2.4. Preparation of Sodium Alginate Hydrogels
Sterile sodium alginate (Pronova SLG100) and RGD-conjugated sodium alginate (Novatach MVG GRGDSP) were purchased from Novamatrix, Sandvika, Norway. Sodium alginate or RGD-conjugated sodium alginate (0.5 wt%) were weighed in a microcentrifuge tube and dissolved in 300 mM d-mannitol and 1 mM HEPES buffer solution (pH: 7.4) at 2–8 °C overnight. β cell clusters were collected from the dishes by gentle pipetting and centrifuged at 100 RPM for 1 min. The clusters (~350) were added to the sodium alginate solution (100 µL), mixed by gentle pipetting, and added dropwise to the pre-warmed (37 °C) crosslinking solution (50 mM calcium chloride and 1 mM barium chloride in 150 mM d-mannitol and 10 mM MOPS; pH: 7.4) in a 48-well tissue culture plate. The plate was left in the incubator for 10 min, and then the crosslinking solution was replaced by warm medium. The medium was replaced twice after a period of 10 min each. Finally, a small volume of FBS was added (5%; total FBS 15%), and the plate was kept in the incubator (37 °C, 5% CO2).
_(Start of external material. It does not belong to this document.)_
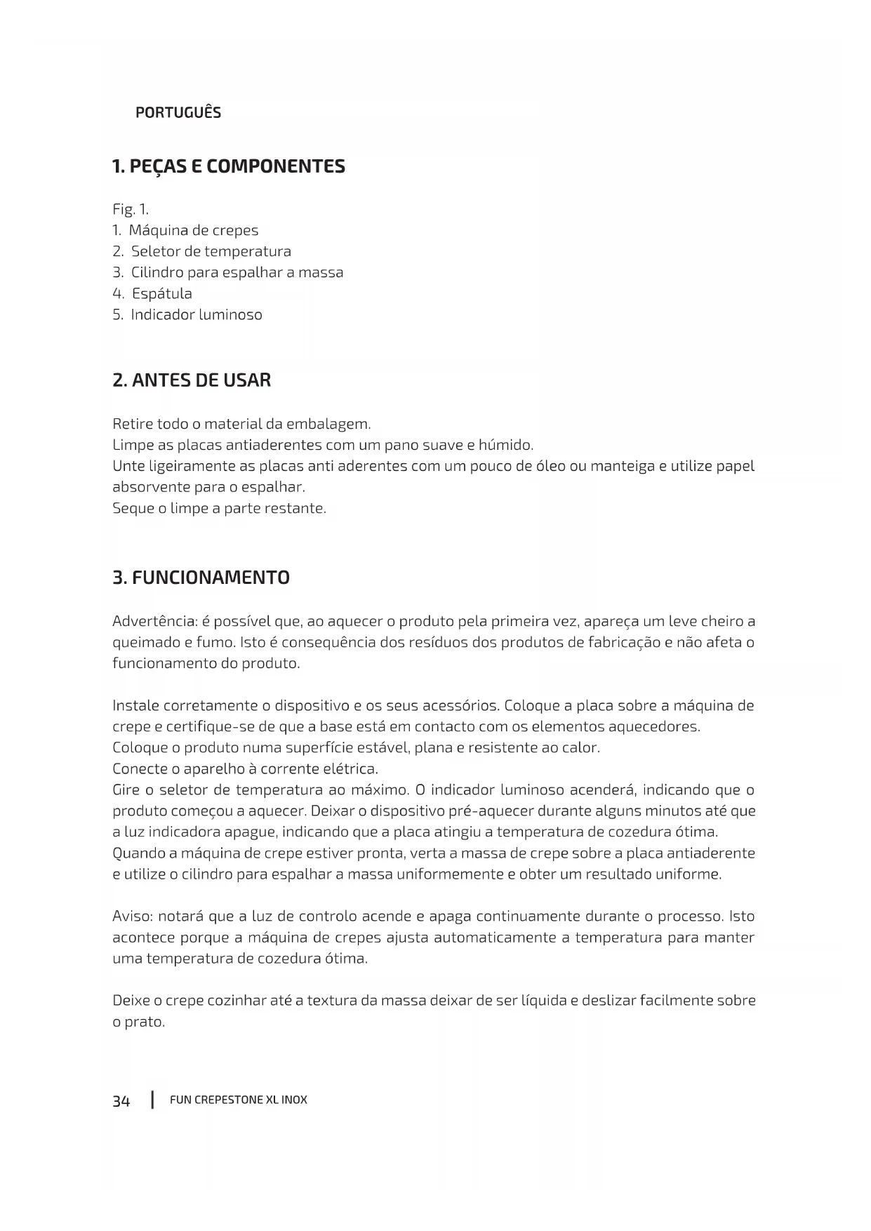 Advertência: é possível que, ao aquecer o produto pela primeira vez, apareça um leve cheiro a queimado e fumo. Isto é consequência dos resíduos dos produtos de fabricação e não afeta o funcionamento do produto. Instale corretamente o dispositivo e os seus acessórios. Coloque a placa sobre a máquina de crepe e certifique-se de que a base está em contacto com os elementos aquecedores. Coloque o produto numa superfície estável, plana e resistente ao calor. Conecte o aparelho à corrente elétrica. Gire o seletor de temperatura ao máximo. O indicador luminoso acenderá, indicando que o produto começou a aquecer. Deixar o dispositivo pré-aquecer durante alguns minutos até que a luz indicadora apague, indicando que a placa atingiu a temperatura de cozedura ótima. Quando a máquina de crepe estiver pronta, verta a massa de crepe sobre a placa antiaderente e utilize o cilindro para espalhar a massa uniformemente e obter um resultado uniforme. Aviso: notará que a luz de controlo acende e apaga continuamente durante o processo. Isto acontece porque a máquina de crepes ajusta automaticamente a temperatura para manter uma temperatura de cozedura ótima. Deixe o crepe cozinhar até a textura da massa deixar de ser líquida e deslizar facilmente sobre o prato. 08019_Crepera Fun Crepestone XL Inox_Manual_YV_01200723docx.indd 3408019_Crepera Fun Crepestone XL Inox_Manual_YV_01200723docx.indd 34 24/7/20 12:4824/7/20 12:48FUN CREPESTONE XL INOX

Medium was replaced after 24 h.
The stiffness of the alginate-RGD (0.5 wt%) was altered by the addition of 1.5 wt% alginate which was then prepared as above in 300 mM d-mannitol, 1 mM HEPES solution, mixed with the β cell spheroids, and crosslinked.
2.5. Mechanical Testing of Alginate Hydrogels
For mechanical testing, alginate hydrogels were prepared in cylindrical moulds (6 mm diameter, 3 mm height) by loading 75 uL of alginate solution in the mould followed by 25 uL of crosslinking solution. After 2 min of incubation at room temperature, all the samples were removed from the moulds and incubated in PBS buffer for 3 h at room temperature before performing the test. All the measurements were performed at a constant crosshead speed (1 mm s−1) at 37 °C in the PBS buffer with a 0.1 N pre-load setting using an Instron 5543 mechanical testing machine with a 5 N load cell. Stress–strain curves were obtained, and Young’s modulus was determined from the linear region (10–30% of strain) of the stress–strain curves.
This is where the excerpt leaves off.